Provided data START

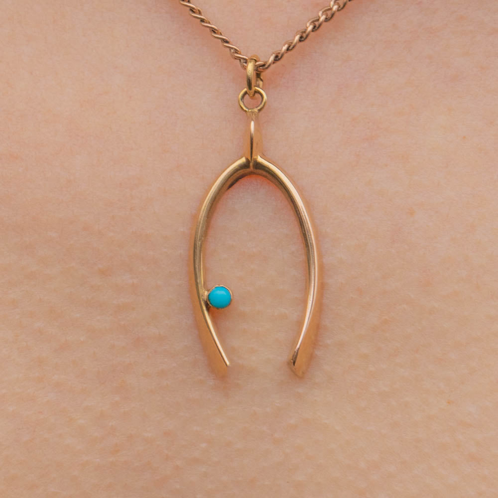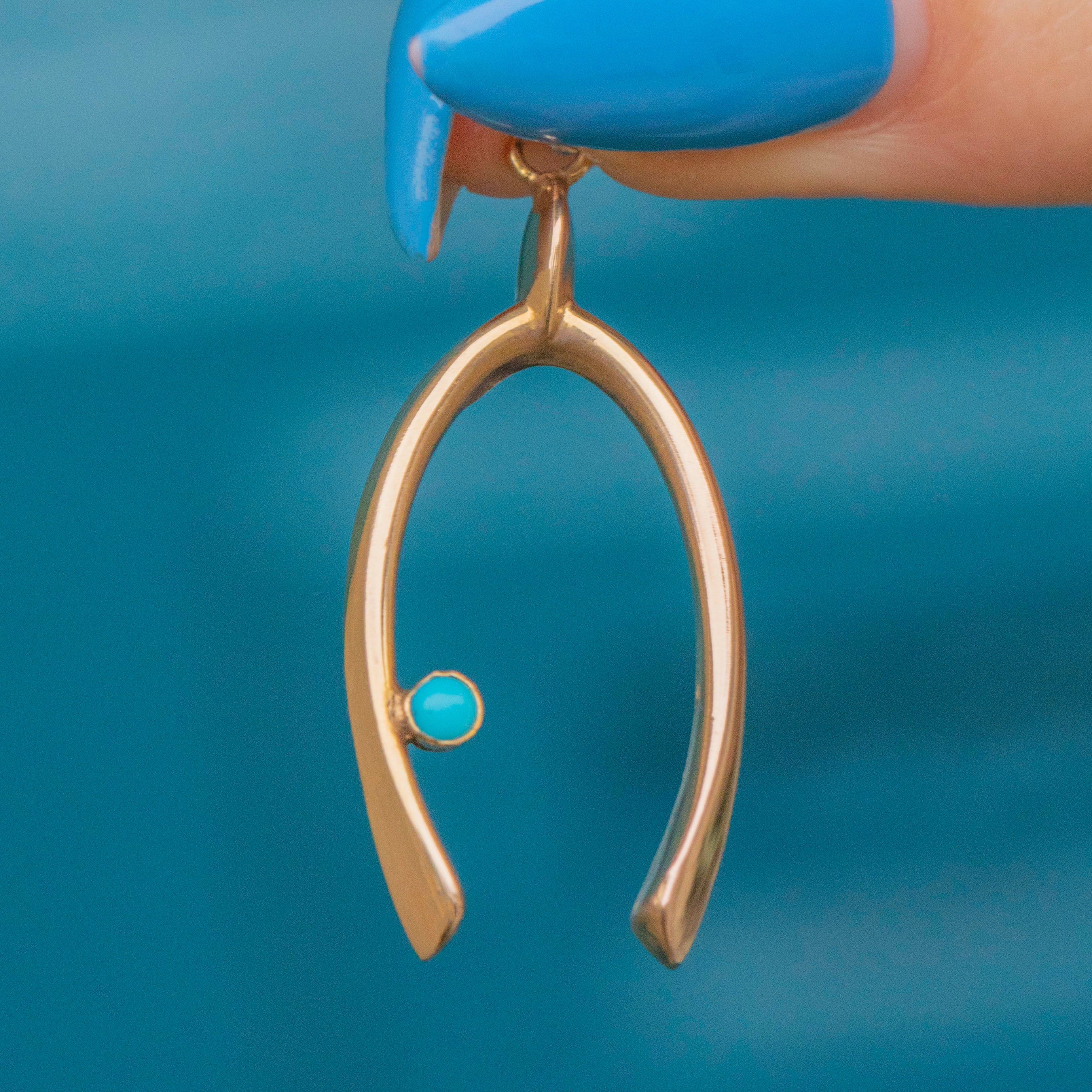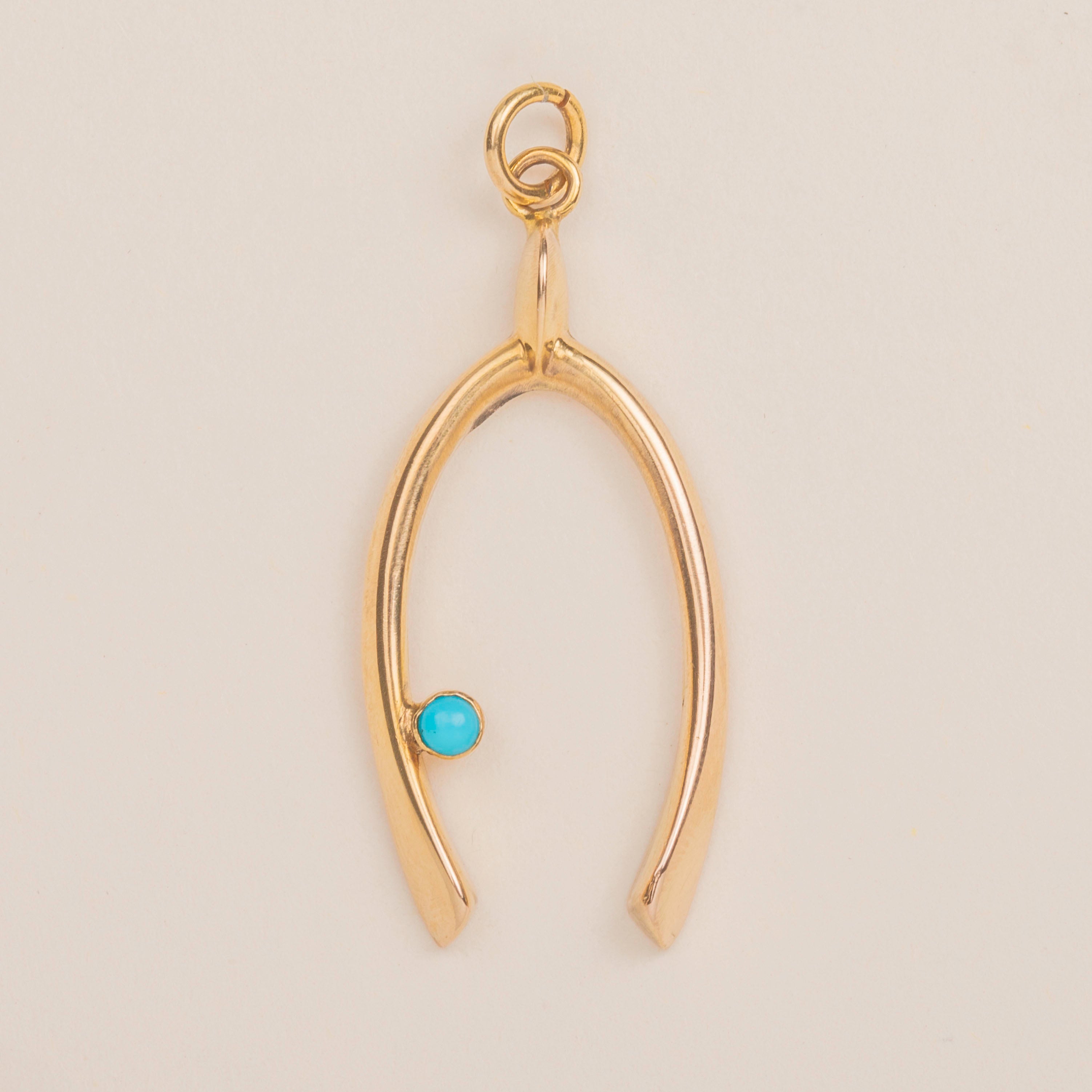 This Victorian 9ct Gold Turquoise wishbone charm is set to become your new good luck talisman! Steeped in symbolism, the wishbone has long been associated with luck and hope for the future, making this antique wishbone pendant a wonderful gift choice for someone embarking on a new journey in life.
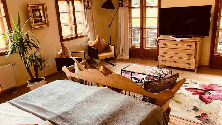Die Ferienwohnung Schankwirtschaft Wohlfart befindet sich in der Nähe von Füssen, etwa 14 km entfernt von Sehenswürdigkeiten wie dem Museum der Stadt Füssen und Kloster St. Mang. Der Flughafen Memmingen liegt in einer Entfernung von 62 km.
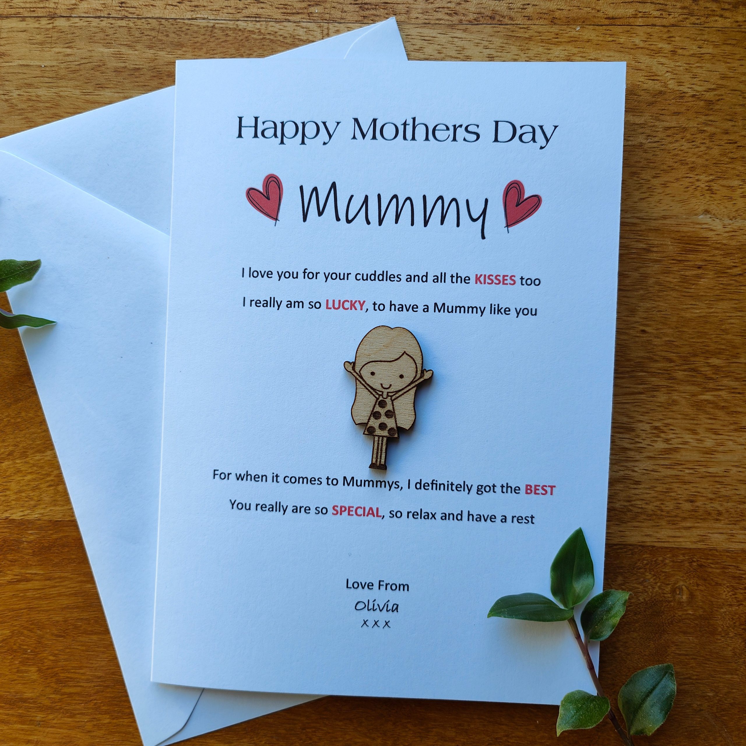 Personalised Mothers Day Card, Floral Keepsake Token, For Mum
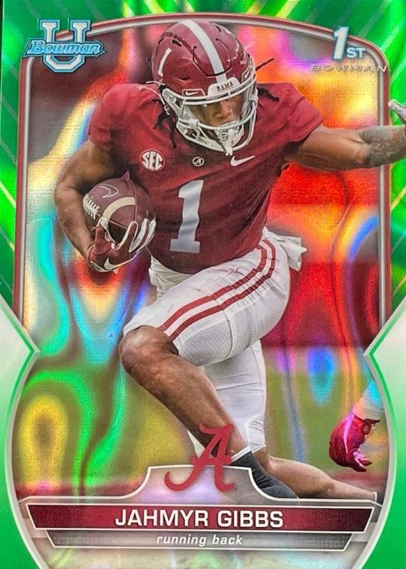 The Jahmyr Gibbs 2022 Bowman Chrome University #82 Prospects - Green Lava Refractor /99 (1st) card in Raw condition has not changed in price in the last 30 days and was last sold for $19.99 .
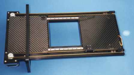 | The shutter is a removable drawer-like unit. The flat part is inside the instrument housing (the cube) and the left hand side box (with motors/encoders) outside. | Shutter interiors: Visible are the two carbon fiber blades, the linear ball bearing rails and the toothed belts. |
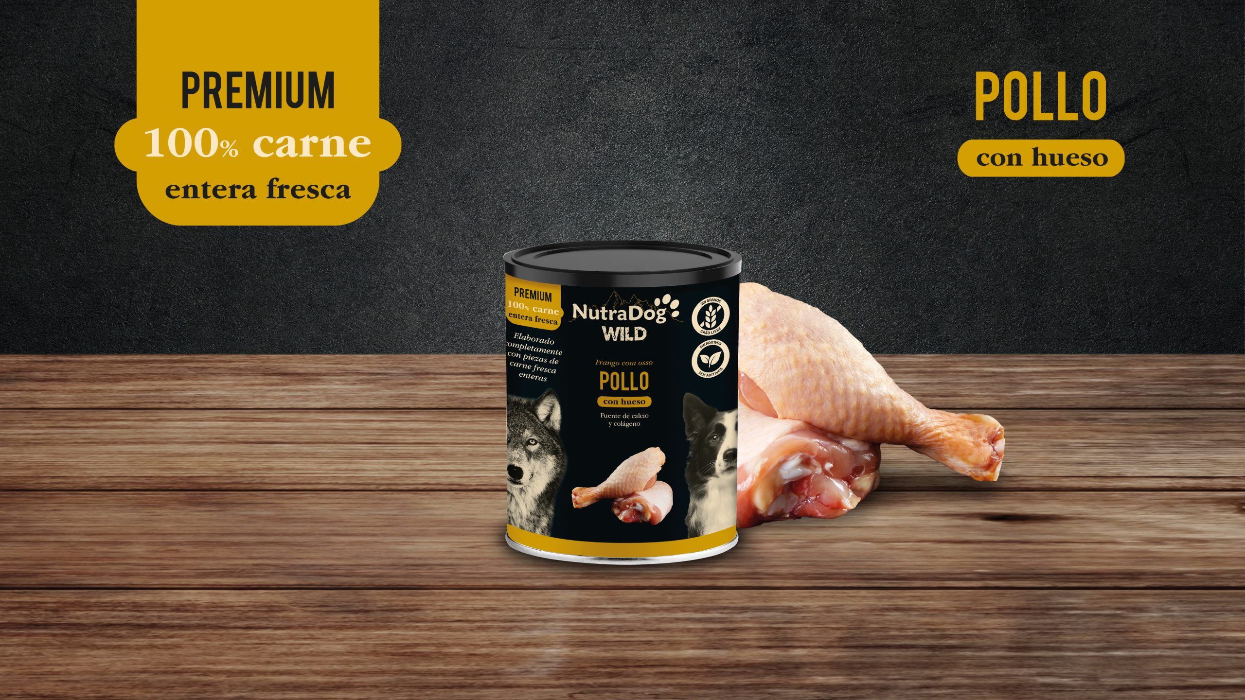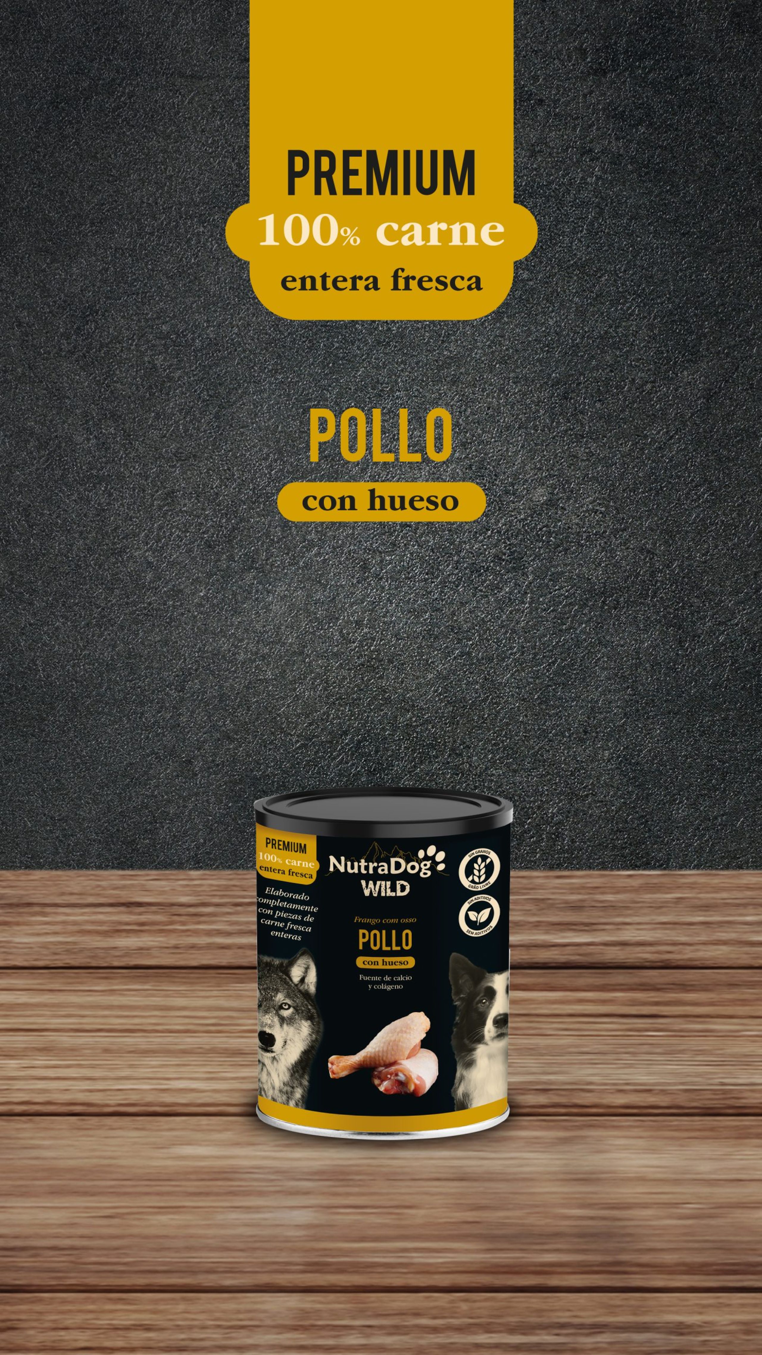 NutraDog WILD húmedo Pollo con Hueso Premium es un alimento húmedo complementario para perros, elaborado únicamente con carne de pollo 100% fresca. Esta versión premium utiliza piezas enteras de pollo, con sus huesos, cortadas y enlatadas a mano, garantizando la máxima calidad y un sabor inigualable.

Provided data END

_Problem details_
A verbatim copy of all the records, minus the pictures, is the expected answer.

_Exercise result_
 This Victorian 9ct Gold Turquoise wishbone charm is set to become your new good luck talisman! Steeped in symbolism, the wishbone has long been associated with luck and hope for the future, making this antique wishbone pendant a wonderful gift choice for someone embarking on a new journey in life.
Die Ferienwohnung Schankwirtschaft Wohlfart befindet sich in der Nähe von Füssen, etwa 14 km entfernt von Sehenswürdigkeiten wie dem Museum der Stadt Füssen und Kloster St. Mang. Der Flughafen Memmingen liegt in einer Entfernung von 62 km.
 Personalised Mothers Day Card, Floral Keepsake Token, For Mum
 The Jahmyr Gibbs 2022 Bowman Chrome University #82 Prospects - Green Lava Refractor /99 (1st) card in Raw condition has not changed in price in the last 30 days and was last sold for $19.99 .
 | The shutter is a removable drawer-like unit. The flat part is inside the instrument housing (the cube) and the left hand side box (with motors/encoders) outside. | Shutter interiors: Visible are the two carbon fiber blades, the linear ball bearing rails and the toothed belts. |
 NutraDog WILD húmedo Pollo con Hueso Premium es un alimento húmedo complementario para perros, elaborado únicamente con carne de pollo 100% fresca. Esta versión premium utiliza piezas enteras de pollo, con sus huesos, cortadas y enlatadas a mano, garantizando la máxima calidad y un sabor inigualable.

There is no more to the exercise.